Apart from the environmental factors, methylation levels in CD14 are influenced by age [14] and gender [9], and are associated with IgE [10] and CD14 gene polymorphisms [14]. In the present study, we employed a general linear model to establish the association between CD14 methylation and asthma in Finland, after adjusting for these confounders. Consequently, it is unlikely that gene polymorphisms contribute to the DNA methylation-mediated allergic response. On the contrary, we speculate that DNA methylation is a critical mechanism in modulating the genetic effects associated with asthma and allergy. We observed that the allele C of CD14-550 was associated with low methylation levels at Amp5Site3 of the CD14 promoter region, but allele C of CD14-260 was associated with high methylation levels. Moreover, the association between genetic variants and DNA methylation showed a similar pattern in both Russian and Finnish children. Polymorphisms of both CD14-550 and CD14-260 reportedly influence soluble CD14 levels. For example, the C allele in CD14-550 is associated with a higher serum CD14 level than the T allele [14], whereas the C allele in CD14-260 is associated with low serum CD14 levels [15]. The associations that we observed in CD14 methylation and CD14 polymorphisms are in line with these observations, indicating that the effect of genetic variants on serum CD14 level might be regulated via CD14 methylation. One limitation of our study is the relatively small sample size derived, after stratification by genotype. Therefore, we are unable to establish a reliable genotype–phenotype association model to assess the effects of DNA methylation. This theory requires further investigation.

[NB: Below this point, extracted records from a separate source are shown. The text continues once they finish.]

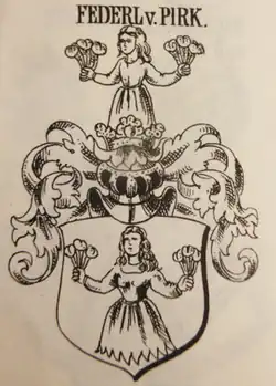 1597 verlieh Landgraf Georg Ludwig dem leuchtenbergischen Kanzler und Lehenprobst Dr. Johann Federl († am 20. Juni 1626) die Gemeinherrschaft und die Niedergerichtsbarkeit über Pirk. Das Patronatsrecht über die Kirche, den Kirchtagschutz und den Blutbann behielt sich der Landgraf vor. Bereits 1595 wurde dem Dr. Johann Federl die Errichtung eines Bräu- und Malzhauses genehmigt, wogegen die Stadt Weiden erfolglos Beschwerde erhob. Pirk wird bei dieser Auseinandersetzung als „altgefreiter adeliger Sitz“ bezeichnet. 1647 ist Sebastian Federl der Besitzer. 1667 sitzt Maximilian Adam Federl auf Pirk. Der letzte aus dieser Familie ist Johann Leopold Federl, Pfarrer von Straubing († am 16. Januar 1734); seine Schwester Maria Antonia Federl von Pürckh, die eine großzügige Stiftung für die Pirker Kirche getätigt hat, war Kammerdienerin der Kaiserin Elisabeth in Wien. Nach dem Leuchtenberger Salbuch von 1719 waren in Pirk vier Grundherrschaften: Pfarrei Schirmitz, Pfarrei Luhe, Pflegamt Parkstein und die Grundherrschaft mit dem Niedergericht des Landsassengutes Pirk. Zu letzterer gehörten das Schloss, der Meierhof, das Bräuhaus und die Pirkmühle sowie auch drei Höfe der Hofmark Schirmitz. Ab 1748/49 sind hier die Federl’schen Erben genannt, zu dem Landsassengut gehörten damals 19/16 Höfe. 1755 wird das Landsassengut an die Herren von Riesenfeld verkauft. Am 24. Mai 1754 hat Johann Joseph von Riesenfeld, Lobkowitzischer Oberbeamter zu Neustadt an der Waldnaab, bei der kurfürstlichen gewordenen Regierung von Leuchtenberg die Landsassenpflicht wegen des käuflich erworbenen Gutes Pirk abgelegt. Er ist 1775 zu Neustadt verstorben und zwei Epitaphien in der dortigen Pfarrkirche St. Georg sind ihm und seiner Gemahlin Maria Magdalena gewidmet. In Pirk erinnert an ihn die von ihm in Auftrag gegebene Statue des Hl. Nepomuk.
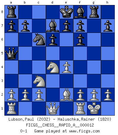 Last move : 0-1 2007 April 8 10:19:55 [Event "FICGS__CHESS__RAPID_A__000012"] [Site "FICGS"] [Date "2007.02.07"] [Round "1"] [White "Lubson,Paul"] [Black "Haluschka,Rainer"] [Result "0-1"] [WhiteElo "2032"] [BlackElo "1820"] 1.e4 c5 2.Nf3 d6 3.d4 Nf6 4.Nc3 cxd4 5.Nxd4 Nc6 6.Bg5 Bd7 7.Be2 Qa5 8.Bxf6 gxf6 9.O-O Rg8 0-1 This chess game has been lost on time (started : 2007.02.07 21:3:10) Sicilian Kingside Castling by player White (move 9) Player Black won this chess game. Follow this game move after move (download)First-class players lose to second class players because second-class players sometimes play a first-class game. (Tarrasch) Ich bin Weltmeister und muß mit niemandem irgend etwas diskutieren. (Viswanathan Anand) Te sientas frente a un tablero y repentinamente tu corazón brinca. Tu mano tiembla al tomar una pieza y moverla. Pero lo que el Ajedrez te enseña es que tu debes permanecer ahí con calma y pensar de que si realmente es una buena idea o de que si hay otras ideas mejores. (Stanley Kubrick) Nous vivons dans un monde échiquéen : chaque jour qui passe est un défi à relever. (Philosophe Sasha) Tomorrow's what you make of it. (Horatio Caine, C.S.I. Miami)
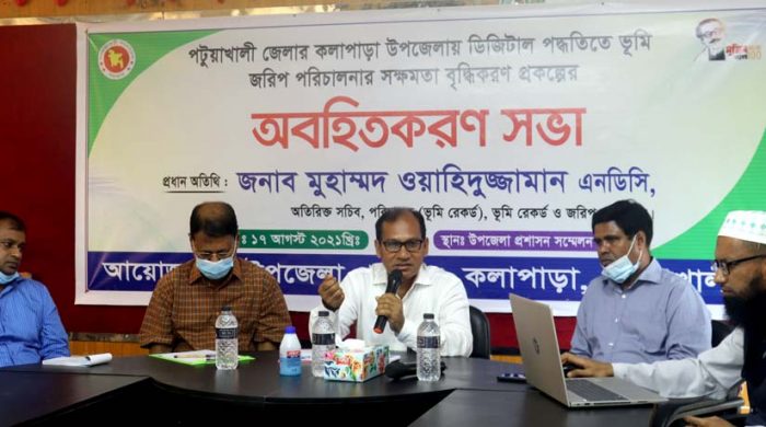 পটুয়াখালী কলাপাড়া ডিজিটাল পদ্ধতিতে ভ‚মি জরিপ পরিচালনার সক্ষমতা বৃদ্ধিকরণ প্রকল্পের অবহিতকরণ সভা অনুষ্ঠিত হয়েছে। মঙ্গলবার দুপুরে উপজেলা পরিষদ দরবার হলে এ সভা অনুষ্ঠিত হয়। সভায় প্রধান অতিথির বক্তব্য রাখেন ভ‚মি

In agreement with our hypothesis, our data suggest that the regulatory mechanisms of CD14 methylation responding to environmental factors differ between Russia and Finland. We also demonstrated that CD14 methylation status is significantly associated with CD14 polymorphisms. These findings provide a novel insight into CD14 and the pathogenesis of asthma and allergy, as well as a possible explanation for inconsistencies in prior genetic association studies. This study also has the limitations of a lack of measurement of the endotoxin levels in each region in the initial study design, and a lack of direct evidence in relation to downstream CD14 protein expression and subsequent Th1/Th2 cytokine profiles. These findings will help to define the exact regulatory mechanisms of CD14 in response to environmental LPS in the development of asthma and allergy.